╭─ SUPPLIED DATA
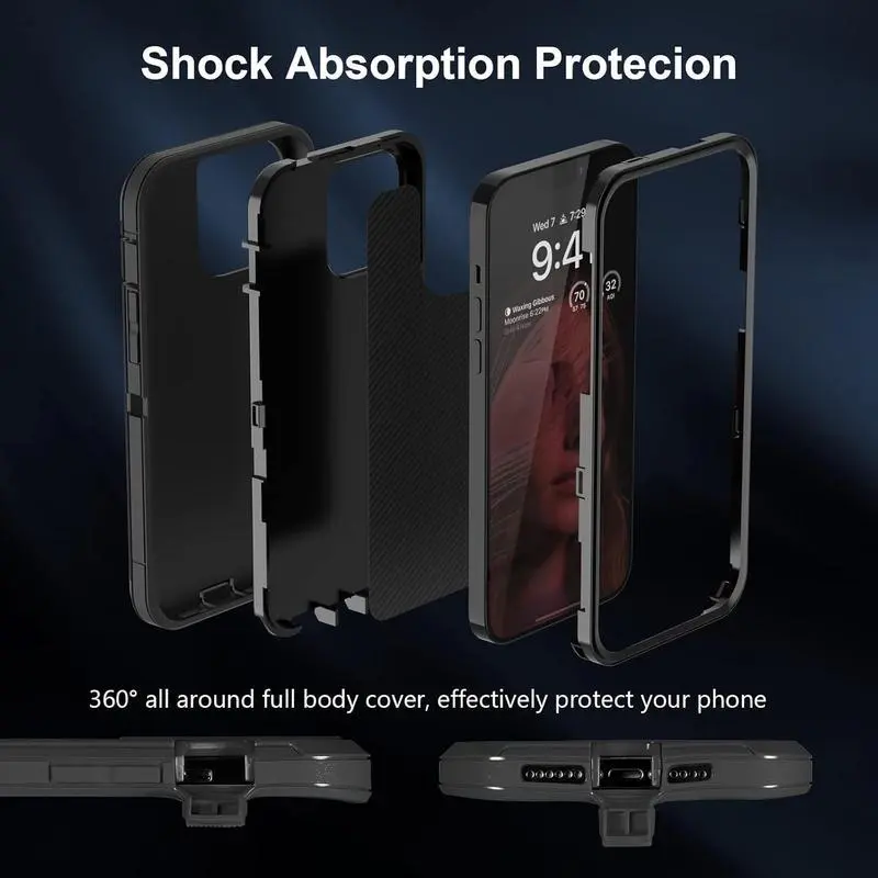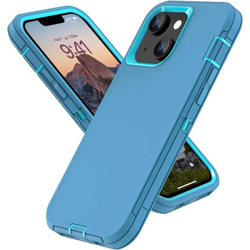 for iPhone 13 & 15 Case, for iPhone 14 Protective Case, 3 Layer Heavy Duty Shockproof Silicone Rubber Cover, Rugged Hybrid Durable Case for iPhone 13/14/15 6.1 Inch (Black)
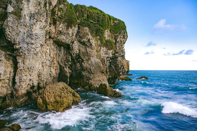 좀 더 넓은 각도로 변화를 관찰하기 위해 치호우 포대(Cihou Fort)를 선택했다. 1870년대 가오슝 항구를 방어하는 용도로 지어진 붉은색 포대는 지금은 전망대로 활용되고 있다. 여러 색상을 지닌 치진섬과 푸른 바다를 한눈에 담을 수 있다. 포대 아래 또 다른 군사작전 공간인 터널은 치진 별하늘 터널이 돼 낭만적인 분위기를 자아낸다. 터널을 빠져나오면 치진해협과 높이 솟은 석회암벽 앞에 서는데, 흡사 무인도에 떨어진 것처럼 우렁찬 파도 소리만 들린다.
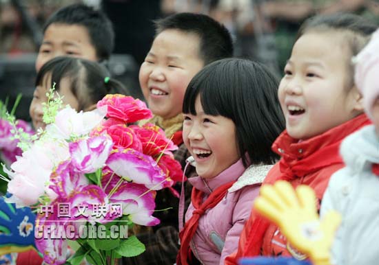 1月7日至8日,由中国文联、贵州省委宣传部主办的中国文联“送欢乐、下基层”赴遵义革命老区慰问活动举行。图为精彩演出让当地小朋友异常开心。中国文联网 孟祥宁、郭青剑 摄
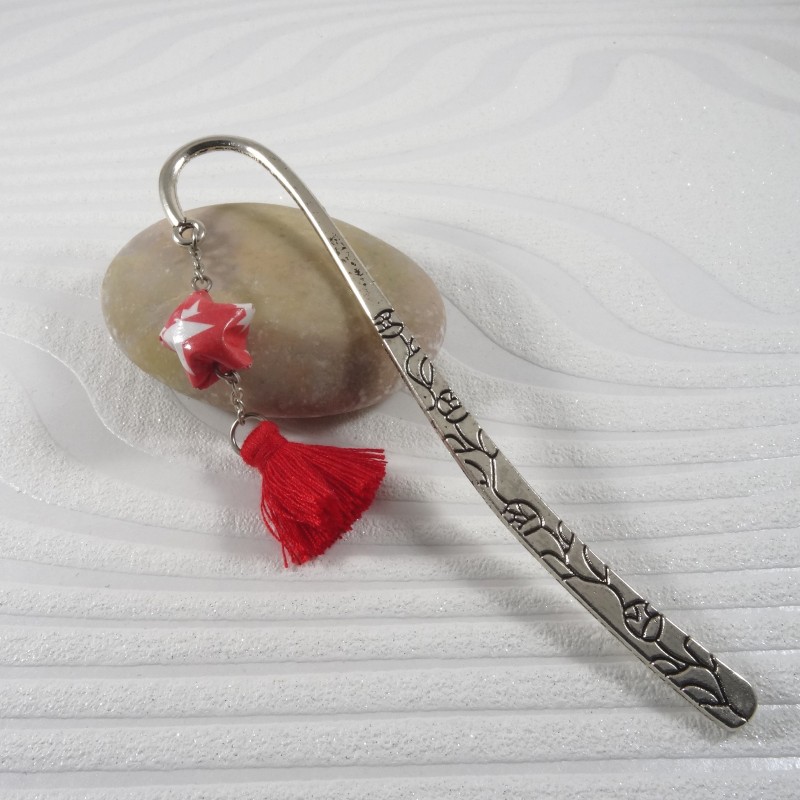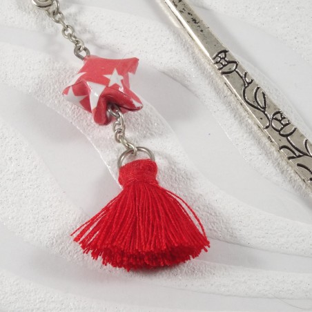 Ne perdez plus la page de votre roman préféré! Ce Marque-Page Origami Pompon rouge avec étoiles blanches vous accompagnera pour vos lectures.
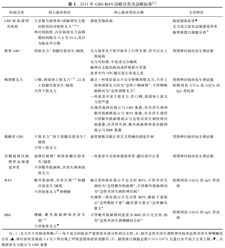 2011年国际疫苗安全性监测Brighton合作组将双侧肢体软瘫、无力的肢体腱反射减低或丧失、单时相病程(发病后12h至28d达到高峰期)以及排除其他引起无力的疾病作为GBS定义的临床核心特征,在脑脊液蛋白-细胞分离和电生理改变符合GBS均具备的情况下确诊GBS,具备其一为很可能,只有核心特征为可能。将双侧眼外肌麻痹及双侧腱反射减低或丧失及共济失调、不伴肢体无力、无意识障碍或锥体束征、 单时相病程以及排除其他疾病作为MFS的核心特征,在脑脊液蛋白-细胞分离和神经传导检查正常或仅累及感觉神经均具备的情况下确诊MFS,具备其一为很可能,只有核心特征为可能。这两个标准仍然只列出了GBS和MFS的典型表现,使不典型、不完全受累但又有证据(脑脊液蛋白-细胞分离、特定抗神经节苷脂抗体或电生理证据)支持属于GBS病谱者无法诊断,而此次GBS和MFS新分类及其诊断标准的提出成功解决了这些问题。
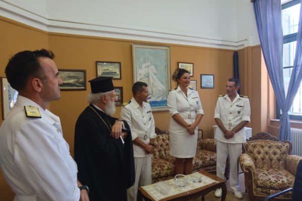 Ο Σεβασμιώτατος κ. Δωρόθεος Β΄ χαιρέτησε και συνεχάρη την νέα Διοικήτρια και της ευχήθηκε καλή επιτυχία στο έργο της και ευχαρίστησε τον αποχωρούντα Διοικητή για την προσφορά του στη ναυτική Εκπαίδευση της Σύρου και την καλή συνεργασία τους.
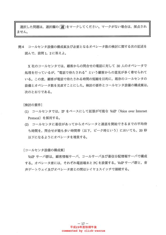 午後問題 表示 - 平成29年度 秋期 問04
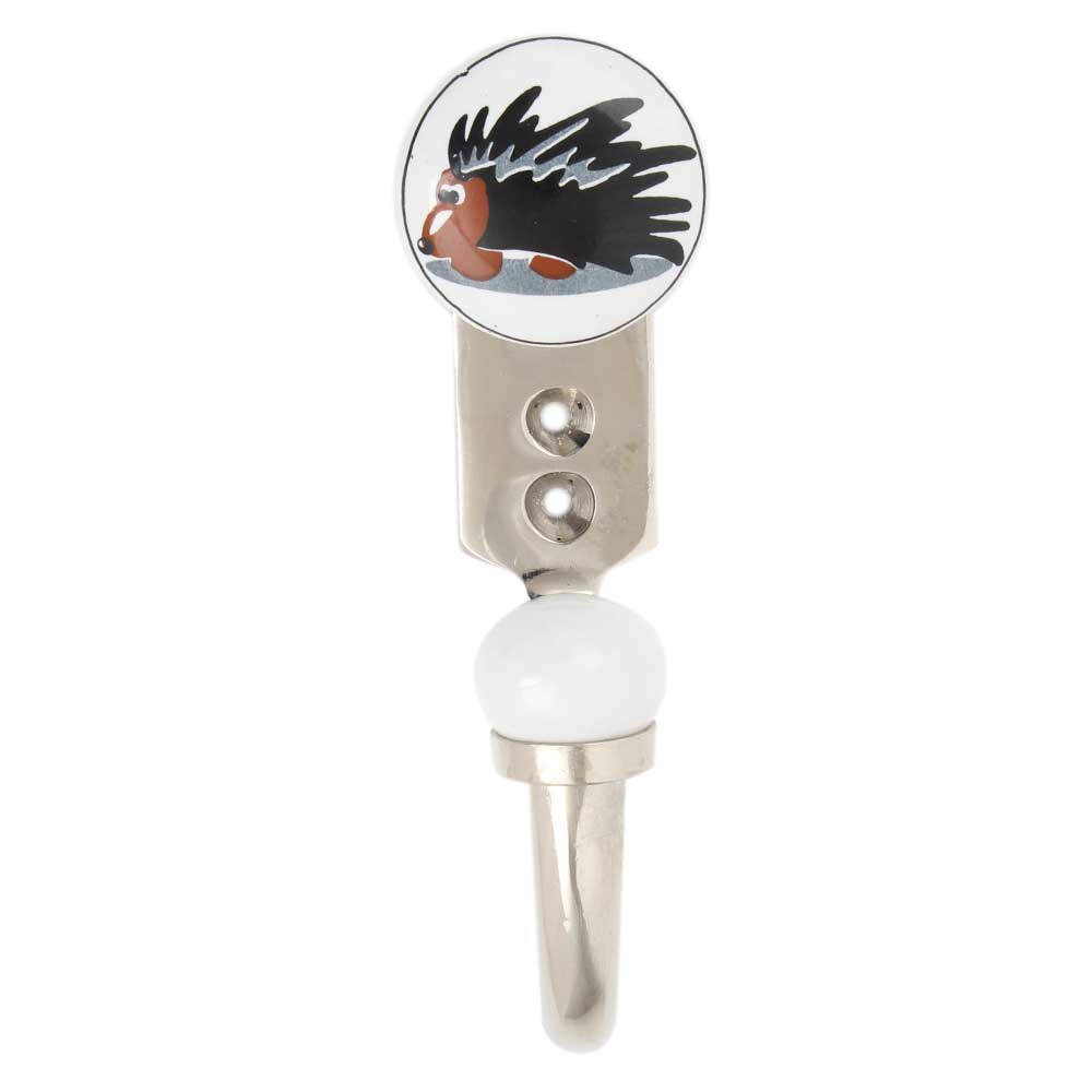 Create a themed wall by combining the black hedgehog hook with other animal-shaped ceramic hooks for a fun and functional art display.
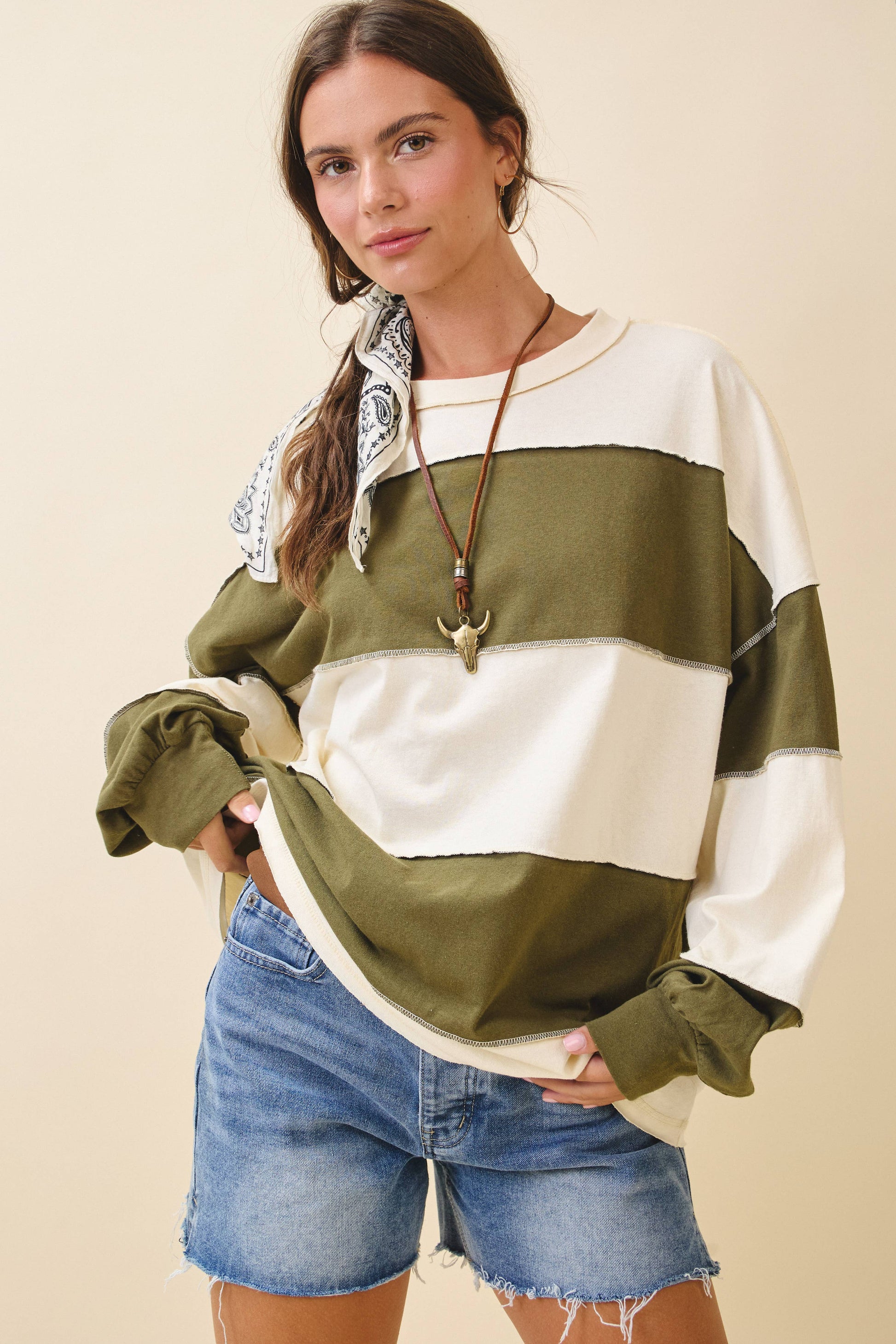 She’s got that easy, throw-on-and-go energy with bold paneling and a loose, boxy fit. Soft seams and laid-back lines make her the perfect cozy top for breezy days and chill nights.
╰─
ASSIGNMENT »
In the data above, find the line containing "Ο Σεβασμιώτατος κ.", then output it and every later line exactly, without the pictures.

ANSWER SPACE »
 Ο Σεβασμιώτατος κ. Δωρόθεος Β΄ χαιρέτησε και συνεχάρη την νέα Διοικήτρια και της ευχήθηκε καλή επιτυχία στο έργο της και ευχαρίστησε τον αποχωρούντα Διοικητή για την προσφορά του στη ναυτική Εκπαίδευση της Σύρου και την καλή συνεργασία τους.
 午後問題 表示 - 平成29年度 秋期 問04
 Create a themed wall by combining the black hedgehog hook with other animal-shaped ceramic hooks for a fun and functional art display.
 She’s got that easy, throw-on-and-go energy with bold paneling and a loose, boxy fit. Soft seams and laid-back lines make her the perfect cozy top for breezy days and chill nights.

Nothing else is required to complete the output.